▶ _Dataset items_
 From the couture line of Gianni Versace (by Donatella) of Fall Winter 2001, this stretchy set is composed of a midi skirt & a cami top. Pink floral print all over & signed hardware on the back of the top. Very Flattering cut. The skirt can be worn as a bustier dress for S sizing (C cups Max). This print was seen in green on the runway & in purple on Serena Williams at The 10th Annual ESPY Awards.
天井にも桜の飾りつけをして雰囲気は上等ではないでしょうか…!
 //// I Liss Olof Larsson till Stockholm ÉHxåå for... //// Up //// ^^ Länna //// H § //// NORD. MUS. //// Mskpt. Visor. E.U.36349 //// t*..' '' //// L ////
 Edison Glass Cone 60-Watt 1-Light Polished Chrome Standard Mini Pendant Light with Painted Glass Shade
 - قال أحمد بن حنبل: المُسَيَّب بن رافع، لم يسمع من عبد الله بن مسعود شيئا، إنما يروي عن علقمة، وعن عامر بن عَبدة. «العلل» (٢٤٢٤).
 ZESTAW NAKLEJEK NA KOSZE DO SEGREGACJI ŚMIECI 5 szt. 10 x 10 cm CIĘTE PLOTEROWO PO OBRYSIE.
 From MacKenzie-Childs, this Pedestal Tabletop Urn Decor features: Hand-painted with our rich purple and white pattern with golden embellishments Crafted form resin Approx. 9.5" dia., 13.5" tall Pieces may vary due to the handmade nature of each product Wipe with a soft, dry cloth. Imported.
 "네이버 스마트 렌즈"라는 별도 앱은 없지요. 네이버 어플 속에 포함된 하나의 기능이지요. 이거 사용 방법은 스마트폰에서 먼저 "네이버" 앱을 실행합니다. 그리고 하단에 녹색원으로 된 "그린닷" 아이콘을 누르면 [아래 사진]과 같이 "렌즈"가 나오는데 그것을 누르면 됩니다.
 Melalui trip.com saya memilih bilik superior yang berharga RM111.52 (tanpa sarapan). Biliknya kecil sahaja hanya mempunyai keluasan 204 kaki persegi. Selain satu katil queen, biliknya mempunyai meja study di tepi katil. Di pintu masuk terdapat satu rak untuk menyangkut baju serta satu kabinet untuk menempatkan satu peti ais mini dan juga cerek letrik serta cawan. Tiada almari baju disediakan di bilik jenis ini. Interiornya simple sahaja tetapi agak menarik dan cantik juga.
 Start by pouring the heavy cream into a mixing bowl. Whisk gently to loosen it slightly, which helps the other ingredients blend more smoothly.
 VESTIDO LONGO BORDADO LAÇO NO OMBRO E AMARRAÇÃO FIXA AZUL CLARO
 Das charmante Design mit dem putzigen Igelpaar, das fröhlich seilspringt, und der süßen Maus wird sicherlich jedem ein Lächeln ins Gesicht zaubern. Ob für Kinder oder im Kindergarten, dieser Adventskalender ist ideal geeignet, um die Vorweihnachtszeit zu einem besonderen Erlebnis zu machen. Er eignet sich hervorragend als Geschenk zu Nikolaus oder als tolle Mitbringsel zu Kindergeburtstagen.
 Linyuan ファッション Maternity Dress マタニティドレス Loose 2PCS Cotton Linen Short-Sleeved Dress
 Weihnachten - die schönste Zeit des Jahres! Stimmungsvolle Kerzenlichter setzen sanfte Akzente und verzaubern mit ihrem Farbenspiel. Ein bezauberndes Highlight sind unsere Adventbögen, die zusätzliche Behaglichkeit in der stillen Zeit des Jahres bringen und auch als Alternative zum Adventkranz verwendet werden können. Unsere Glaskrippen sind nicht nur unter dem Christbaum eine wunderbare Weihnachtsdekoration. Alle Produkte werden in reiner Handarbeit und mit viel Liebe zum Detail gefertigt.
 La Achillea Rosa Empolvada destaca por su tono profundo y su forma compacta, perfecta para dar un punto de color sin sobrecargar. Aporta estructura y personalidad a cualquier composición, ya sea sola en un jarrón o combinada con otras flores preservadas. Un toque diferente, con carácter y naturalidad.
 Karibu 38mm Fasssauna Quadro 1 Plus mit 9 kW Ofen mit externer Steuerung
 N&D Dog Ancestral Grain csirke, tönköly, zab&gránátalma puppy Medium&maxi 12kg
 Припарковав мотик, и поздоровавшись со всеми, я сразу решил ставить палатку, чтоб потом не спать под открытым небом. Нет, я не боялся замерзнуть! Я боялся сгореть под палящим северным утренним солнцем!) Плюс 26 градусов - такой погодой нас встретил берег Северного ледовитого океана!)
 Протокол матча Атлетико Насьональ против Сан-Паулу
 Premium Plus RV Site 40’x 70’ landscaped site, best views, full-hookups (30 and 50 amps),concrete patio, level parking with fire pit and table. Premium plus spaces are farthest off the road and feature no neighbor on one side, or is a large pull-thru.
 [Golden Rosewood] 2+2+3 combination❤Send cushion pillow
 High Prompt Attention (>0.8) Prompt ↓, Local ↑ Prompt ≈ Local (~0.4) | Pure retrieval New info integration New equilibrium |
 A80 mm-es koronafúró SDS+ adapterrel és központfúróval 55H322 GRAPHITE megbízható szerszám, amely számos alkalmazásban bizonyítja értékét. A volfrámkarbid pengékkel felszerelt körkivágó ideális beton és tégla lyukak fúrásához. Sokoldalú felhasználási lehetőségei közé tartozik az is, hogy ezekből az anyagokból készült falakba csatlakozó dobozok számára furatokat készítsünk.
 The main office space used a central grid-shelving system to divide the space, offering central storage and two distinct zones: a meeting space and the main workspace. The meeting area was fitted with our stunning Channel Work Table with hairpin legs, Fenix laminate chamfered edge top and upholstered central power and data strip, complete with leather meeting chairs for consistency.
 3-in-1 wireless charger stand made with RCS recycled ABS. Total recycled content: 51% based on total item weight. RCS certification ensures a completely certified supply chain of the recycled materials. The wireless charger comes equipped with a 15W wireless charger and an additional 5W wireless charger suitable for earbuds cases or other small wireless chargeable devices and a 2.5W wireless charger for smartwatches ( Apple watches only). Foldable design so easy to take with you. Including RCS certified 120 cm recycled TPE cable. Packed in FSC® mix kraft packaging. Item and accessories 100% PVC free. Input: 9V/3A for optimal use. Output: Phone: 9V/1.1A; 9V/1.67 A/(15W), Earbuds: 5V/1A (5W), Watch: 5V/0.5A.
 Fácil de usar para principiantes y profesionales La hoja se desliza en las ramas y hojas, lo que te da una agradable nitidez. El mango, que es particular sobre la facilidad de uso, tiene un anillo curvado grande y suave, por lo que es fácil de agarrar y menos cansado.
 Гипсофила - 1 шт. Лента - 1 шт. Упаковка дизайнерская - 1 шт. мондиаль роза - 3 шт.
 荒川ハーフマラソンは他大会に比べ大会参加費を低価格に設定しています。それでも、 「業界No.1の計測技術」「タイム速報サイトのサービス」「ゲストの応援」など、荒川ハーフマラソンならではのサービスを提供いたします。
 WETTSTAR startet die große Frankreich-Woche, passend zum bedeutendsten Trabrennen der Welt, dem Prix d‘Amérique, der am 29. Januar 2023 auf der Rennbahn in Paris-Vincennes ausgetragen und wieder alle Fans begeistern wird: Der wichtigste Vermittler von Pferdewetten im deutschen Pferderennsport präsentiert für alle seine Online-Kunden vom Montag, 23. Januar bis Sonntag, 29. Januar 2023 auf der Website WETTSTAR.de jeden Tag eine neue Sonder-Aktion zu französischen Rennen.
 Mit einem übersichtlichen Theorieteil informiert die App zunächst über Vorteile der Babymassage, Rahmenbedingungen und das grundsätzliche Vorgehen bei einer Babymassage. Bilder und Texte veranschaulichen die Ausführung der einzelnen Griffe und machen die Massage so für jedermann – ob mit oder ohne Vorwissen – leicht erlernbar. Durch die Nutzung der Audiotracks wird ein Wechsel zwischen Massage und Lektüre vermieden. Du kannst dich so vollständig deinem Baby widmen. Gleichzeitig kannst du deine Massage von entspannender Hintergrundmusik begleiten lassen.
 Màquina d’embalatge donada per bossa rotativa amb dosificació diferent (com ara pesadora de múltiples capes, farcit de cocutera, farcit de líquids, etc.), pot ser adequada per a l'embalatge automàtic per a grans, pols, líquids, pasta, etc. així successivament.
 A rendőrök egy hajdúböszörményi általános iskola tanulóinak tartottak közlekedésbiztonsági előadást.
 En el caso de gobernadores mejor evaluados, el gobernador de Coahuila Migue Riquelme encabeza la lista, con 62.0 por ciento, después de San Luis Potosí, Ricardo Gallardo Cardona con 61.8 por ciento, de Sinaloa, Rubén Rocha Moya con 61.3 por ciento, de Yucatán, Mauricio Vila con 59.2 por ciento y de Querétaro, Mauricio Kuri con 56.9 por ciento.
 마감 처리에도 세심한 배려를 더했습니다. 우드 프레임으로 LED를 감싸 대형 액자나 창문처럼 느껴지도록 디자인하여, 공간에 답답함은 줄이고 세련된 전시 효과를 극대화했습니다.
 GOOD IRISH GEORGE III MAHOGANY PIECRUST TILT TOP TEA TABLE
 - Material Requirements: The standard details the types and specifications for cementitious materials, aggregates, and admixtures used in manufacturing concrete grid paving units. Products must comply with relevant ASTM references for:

▶ _What you have to do_
Using only the entries above, output the line with "天井にも桜の飾りつけをして雰囲気は上等ではないでしょうか…!", the line with "ZESTAW NAKLEJEK NA", and all lines between them, exactly as they stand.

▶ _Problem solution_
天井にも桜の飾りつけをして雰囲気は上等ではないでしょうか…!
 //// I Liss Olof Larsson till Stockholm ÉHxåå for... //// Up //// ^^ Länna //// H § //// NORD. MUS. //// Mskpt. Visor. E.U.36349 //// t*..' '' //// L ////
 Edison Glass Cone 60-Watt 1-Light Polished Chrome Standard Mini Pendant Light with Painted Glass Shade
 - قال أحمد بن حنبل: المُسَيَّب بن رافع، لم يسمع من عبد الله بن مسعود شيئا، إنما يروي عن علقمة، وعن عامر بن عَبدة. «العلل» (٢٤٢٤).
 ZESTAW NAKLEJEK NA KOSZE DO SEGREGACJI ŚMIECI 5 szt. 10 x 10 cm CIĘTE PLOTEROWO PO OBRYSIE.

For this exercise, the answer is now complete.